1776: The oldest of the classic horse races, the St Leger, was first run at Doncaster.
1842: Bramwell Bronte, brother of the Bronte sisters, died of drugs and drink. He was the role model for the drunkard Hindley Earnshaw in Emily Bronte's Wuthering Heights (1847).
1853: The Northern Daily Times in Liverpool became the first provincial newspaper in England.
1896: American writer F Scott Fitzgerald was born. For most of his life he suffered from an oversecretion of insulin, and became a heavy drinker.
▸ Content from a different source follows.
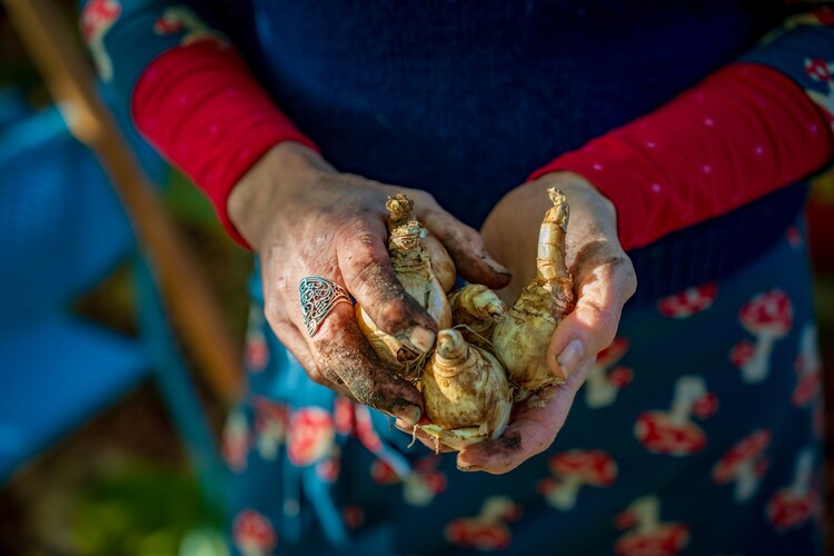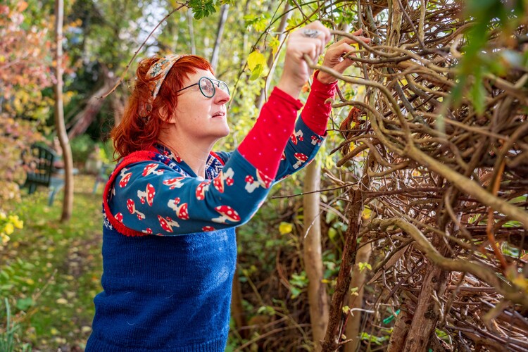 “Toen ik hier kwam wonen, dacht ik meteen: hier moet meer groen komen. Voor mijn eigen privacy, voor de planeet en voor allerlei dieren. Als ik buiten ben, wil ik in de natuur staan.” De tuin ontstond zonder plan. “Ik ben van het doen en denken tegelijk,” lacht Marjan. “Ik had een aantal bomen en ik heb ze gewoon hier en daar neergezet. Als het niet goed staat, verplant ik ze weer.” Grasmaaien is niet haar favoriete bezigheid, dus het gras maakte al snel plaats voor bloemen, planten en straks ook biologische voorjaarsbloemen.

He wrote the definitive 1920s novel The Great Gatsby in 1925.
1930: The first performance of Private Lives by Noel Coward took place at the new Phoenix Theatre, London.
1947: A trainload of 1,200 Muslim refugees fleeing to Pakistan were massacred by Sikhs at Amritsah in the Punjab.
1953: The Robe, the first film made in CinemaScope, was premiered in Hollywood.
1960: The first nuclear-powered submarine, the USS Enterprise, was launched at Newport, Virginia.
1975: Everest was climbed by the south-west face for the first time by Douglas Haston and Doug Scott.
On this day last year: The leader of Afghanistan's hardline Taliban demanded the US withdraw forces from the Gulf and support the Palestinians in their conflict with Israel if it wants to remove the threat of terrorism.
BIRTHDAYS: Brian Glanville, author, 71; Robert Lang, actor, 68; Gerry Marsden, singer (The Pacemakers), 60; Jack Dee, comedian, 41; Helen Lederer, actress, 48; Ally McCoist, broadcaster and former footballer, 40; Jaye Griffiths, actress, 39; Sheryl Gascoigne, model, 37.